### TASK DATA
[Start of section]

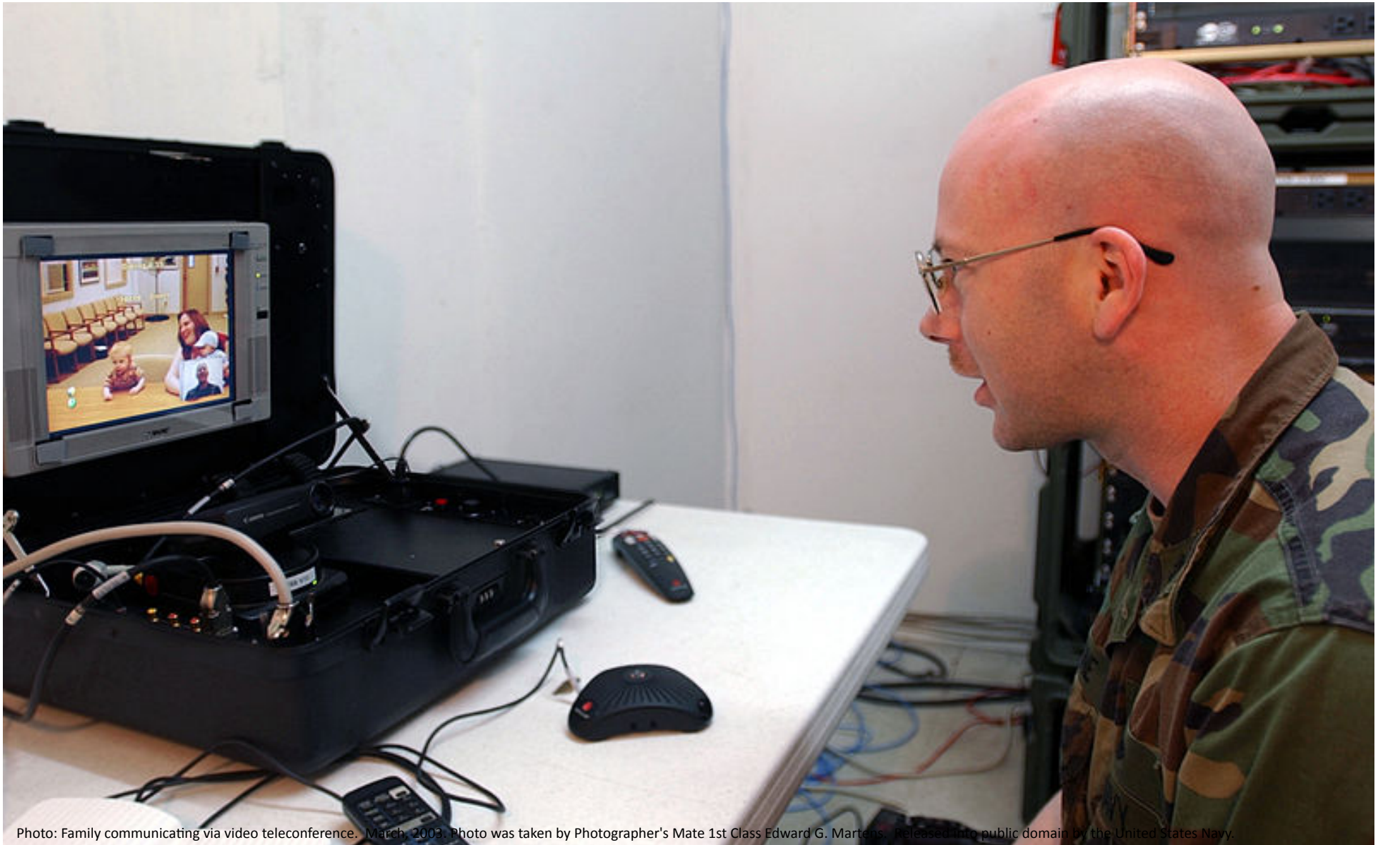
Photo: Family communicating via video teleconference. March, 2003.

[End of section]
[Start of section]

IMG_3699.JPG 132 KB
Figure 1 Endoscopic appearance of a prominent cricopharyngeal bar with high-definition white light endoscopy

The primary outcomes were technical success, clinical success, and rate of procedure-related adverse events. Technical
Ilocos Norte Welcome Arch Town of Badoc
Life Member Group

[End of section]
[Start of section]

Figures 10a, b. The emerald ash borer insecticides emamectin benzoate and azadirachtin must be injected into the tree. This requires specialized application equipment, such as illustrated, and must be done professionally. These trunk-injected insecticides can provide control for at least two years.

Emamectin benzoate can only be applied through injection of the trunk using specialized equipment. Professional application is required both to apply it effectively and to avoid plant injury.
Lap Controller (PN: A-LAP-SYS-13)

[End of section]

Find the line with "Figure 1 Endoscopic" in the entries above. Retype it and each line after it, exactly, through the line with "Life Member Group", and stop there.

### TASK OUTPUT
Figure 1 Endoscopic appearance of a prominent cricopharyngeal bar with high-definition white light endoscopy

The primary outcomes were technical success, clinical success, and rate of procedure-related adverse events. Technical
Ilocos Norte Welcome Arch Town of Badoc
Life Member Group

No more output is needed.